Kimberly Byrum, Zonda
Kimberly Byrum, Zonda

“I think we all expected the big wave of pipeline in 2024, and we were approaching the markets very cautiously,” she says. “And what has happened is we've seen record levels of absorption. The demand has remained strong.”

Byrum notes the industry is benefiting from strong renewal activity and potential home buyers continuing to rent because of higher interest rates and home prices.

“We have one more supply wave in most markets coming,” she says. “I'm hopeful that we work through that rather quickly.”

However, Byrum says she fears that with starts slowing and a lower number of deliveries expected for 2026 and 2027, rents could ramp up again and impact inflation.

“We have sat in a new supply pipeline for two years, and I would hate to see inflation rear its ugly head,” she cautions.

Looking to 2025, she advises developers to be able to articulate the story of their project.

“Anecdotally, we're having a lot more calls with investors to get them comfortable with rents and with the pipeline and where the markets are headed,” she notes. “It’s important to have a succinct message as it relates to new construction projects and what their vision is for that target market.”

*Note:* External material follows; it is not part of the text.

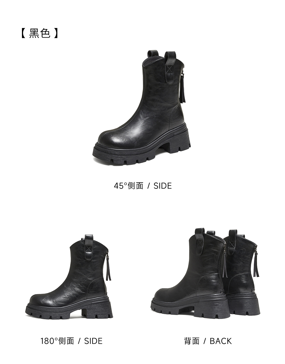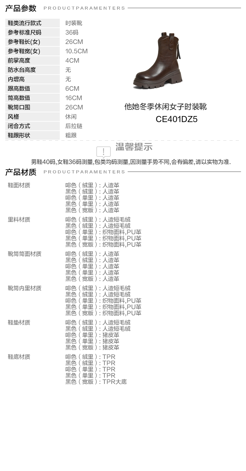 | 鞋底材质:TPR | 靴筒内里材质:人造短毛绒 | 内增高:无 | 鞋面材质:人造革 | 闭合方式:后拉链 |
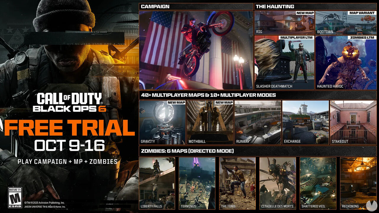 Además del multijugador y el modo zombis (excluyendo el juego clasificatorio), por primera vez esta prueba gratuita incluye su campaña. En total hay más de 40 mapas del multijugador, los seis mapas de Zombis y mucho más. En la siguiente imagen podéis encontrar todo lo que incluye.

Here are five areas Byrum will be tracking in the new year:

  1. Oil-based economy markets: With President-elect Trump looking to expand domestic oil and gas drilling, she predicts Houston could be a big winner. “I think that we will burn through this supply through the middle of the summer as long as the economy holds, and we will start to see some strong rent growth toward the end of 2025,” she says, adding she’ll also be watching Oklahoma City.
  2. Other markets to watch: In addition to the oil-based economy markets, Byrum is keeping tabs on Austin, Texas, and Florida’s Gulf Coast for different reasons. While Austin has seen a record level of multifamily deliveries, she says it’s a great place to live. “I'll be rooting for Austin to absorb this supply and make its way back to balance,” she says. On the other hand, she is worried about Florida’s Gulf Coast with the recent hurricanes and how that could impact in-migration.
  3. A well-located garden deal: Byrum says this is her favorite product type for the near future, especially in looking at the demographics that show more Gen Zers entering the market who aren’t earning incomes yet to support the rents of luxury high-rises. “That just bodes really well for a well-located garden-style deal close to job centers. I think it will be a race to find some great sites in some of those areas,” she adds.
  4. Innovative construction trends: Byrum says she is encouraged about some of the up-and-coming building trends she’s seeing, such as a 3D-printed build-to-rent development and mass timber projects. “It’s really exciting to see some aesthetically pleasing types of construction that are helping the industry be more sustainable,” she says. “I think that definitely appeals to that millennial renter and certainly the higher-end renter that will pay you for those types of things.” However, she notes she would like to see more modular on the market-rate side.
  5. Amenity wars: Byrum says she sees wellness and work-from-home amenities—from being close to nature, good sleeping environments, and healthy food options—continuing to be popular. “Wellness trends will continue and definitely appeal to the Gen Xers and the millennials who are still in the rental market,” she adds.